US Assistant Secretary of State makes friendly visit [1]
Thursday, June 30, 2011 - 10:05. Updated on Wednesday, September 11, 2013 - 09:54.
The US Government is reintroducing USAID to the Pacific region and together with other aid donors will be looking at more coordinated assistance to the Pacific islands, a high level US delegation announced in reaffirming its friendly relationship with Tonga this week.
"The US has no better friend in the Pacific than Tonga," the US Assistant Secretary of State Mr Murray Campbell told the Tongan Media in Nuku'alofa on 28 June.
Mr Campbell and US officials, who are on an eight nations Pacific island tour, made an overnight stop in Nuku'alofa on Tuesday.
The US delegation included the US Pacific Fleet Commander Admiral Patrick M. Walsh, Brigadier General Simcock from the Office of the Secretary of Defense South/Southeast Asia, the USAID Assistant Administrator Nisha Biswal and the US Ambassador to Fiji and Tonga HE Steven McGann.
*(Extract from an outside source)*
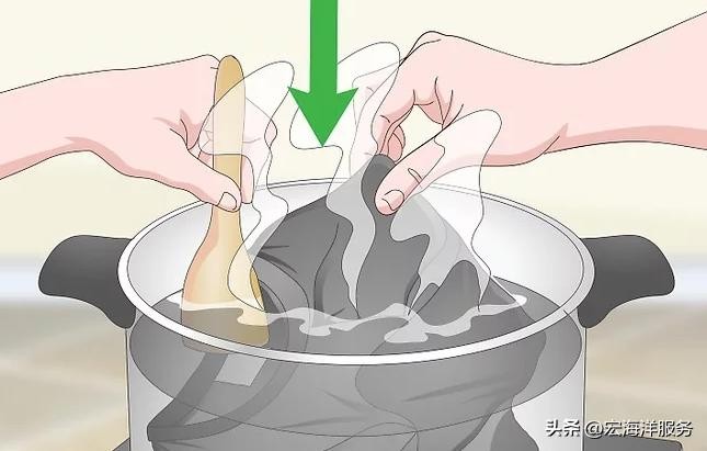 6、加入水并浸泡30-60分钟,不断搅拌。将衣服放入染浴中,用勺子或钳子将它们推到水下,确保它们完全浸透。为了帮助染料均匀地浸入织物中,至少每 5-10 分钟搅拌一次衣服。这有助于防止织物中的任何褶皱或束状物阻挡染料。

Mr Campbell said that their visit underscored the US intention to engage with their friends in the Pacific to learn "how well we can help and support our friends.
Iraq and Afghanistan
"We have been talking about every aspect of our relationship. I must say that we have no better friend in the Pacific than Tonga. This was reaffirmed by the King who gave us the honour of our audience with him today. We thank him for his government's support to us in so many ways, and in particular the recent commitment in Afghanistan and Iraq."
With regards to the duration of Tongan soldiers on active duty in Afghanistan, Brigadier General Simcock said that there had not been any talk to either shorten or extend their stay.
While in Tonga Mr Campbell announced a return to the Pacific of USAID, and said that the US will attend the 40th anniversary of the Pacific Islands Forum to be held in Auckland, New Zealand in September, "it will be the largest US delegation that we have ever sent."
Impact of climate change
Nisha Biswal, the assistant administrator of USAID, said that they would open up a regional office in Port Moresby, Papua New Guinea. She said that their main concern is the impact of climate change, "its impact on food security and the life of people in the Pacific."
With the reintroduction of USAID, according to delegates, the former Pacific Islands Development Program, which was introduced under President Bush's administration and was operating at the East West Center, Hawaii was "now inactive."
With regards to overseas assistance to the Pacific Mr Campbell pointed out that the Pacific receives a remarkable amount of assistance but the assistance was also uncoordinated. An example of uncoordinated assistance, he said, were the expensive buildings in Samoa, built by the Chinese, which will be very expensive to ventilate. He said they had been talking to donor countries, Australia, New Zealand, the EU, the Japanese and the Chinese, and to international institutions such as the World Bank and the Asian Development Bank. He believed that if assistance could be coordinated it would maximize the benefits for the recipient island countries.
Before Tonga the US delegation visited Kiribati and Samoa. After Tonga they will visit the Solomon Islands, Papua New Guinea, Palau, the Federated States of Micronesia then the Marshall Islands.